This topic is important whether you are optimizing rules or training and optimizing neural nets. It is relevant for NeuroShell Trader Pro, DayTrader Pro, or ChaosHunter. Next to choosing correct rules and/or net inputs, it could be the most important part of the art of building good trading models.
They say variety is the spice of life, but it is also the spice of modeling. Optimizers work by finding a formula (like a prediction formula or set of trading rules) that work the best over a set of data usually called the “in-sample” or “training” data. What often happens is that your in-sample period is a long trend, usually upwards, and so the model only winds up learning about up-trends, which is great as long as the up-trend continues as long as you trade the model. Even if there are slight pullbacks in the in-sample up-trend, the optimizer will probably learn to ignore all but the largest of the pullbacks, because it realizes more money can be made just going long most of the time. That is, it takes the safe path of “when in doubt, go long”.
So suppose you are using daily data and in addition to the recent slowly rising bull market we have had, you decide to include the big crash in 2008. The flip side can come into play, because the crash was so sharp, the optimizer need only go short during the period to make a boatload of money. It makes so much money short in the bear market, the gains in the slow bull period don’t add much in relation to the bottom line. You might need to add the slow bull market before 2007 to help balance things out, because balance is important.
This brings us to what I will call focus. The traditional wisdom is that the longer the in-sample period the better. This use of a “sledge-hammer to kill the fly” wisdom grew out of the need to include variety and balance in your in-sample data, and the faulty (I believe) assumption that you can find a model that works well forever. But just starting your in-sample data as far back as possible might be counter-productive. For one thing you may get so much variety that the optimizer learns to only detect the largest moves correctly. For another thing, the variety that you capture and learn could be so old as to be useless tomorrow. It might be better to focus on a smaller part of that most recent slow bull market.
But won’t that cause overfitting? It could, but if you are careful and focus on a period of cyclic activity with good inputs/rules, the result might be that the model is better able to detect the onset of smaller activity and reversals. There is less hay to hide the needle. Yes, you might have to retrain or reoptimize as the markets shift.
Clearly the issue that you are trying to trade matters, in view of the above.

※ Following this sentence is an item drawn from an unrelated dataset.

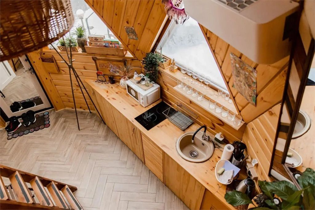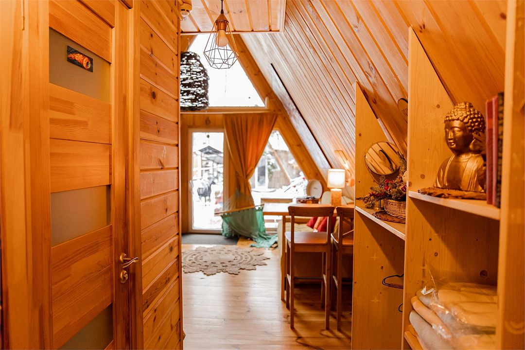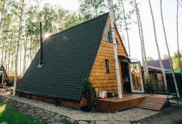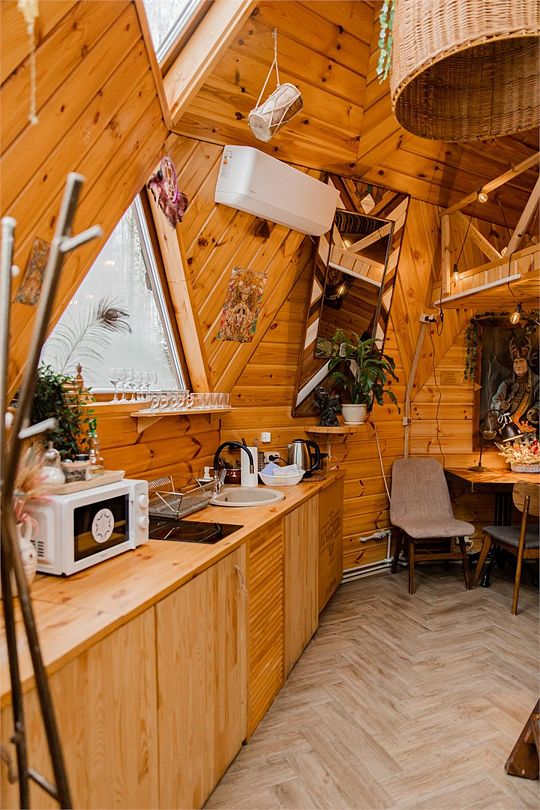 Домик с чаном и баней-треугольный дом А-frame.

You could even isolate segments in the time series on which to train. The easiest way to do that is to use the Toggle Indicators in Advanced Indicator Set 3 in NeuroShell, and the new Time Flag series feature in ChaosHunter.
If you are using the paper trading feature of NeuroShell, the paper trading period should be chosen by the same criterion as the in-sample period – diversity. To do otherwise is to skew the end model in some direction.
Out-of-sample periods are pretty important too. Most people try to use pretty long ones. The truth of the matter is that it is unrealistic to expect any model to work for long periods of time. How long? Most people would be happy with a day or so of intraday profit, and a couple of weeks of daily profit, before they reoptimize and/or retrain models.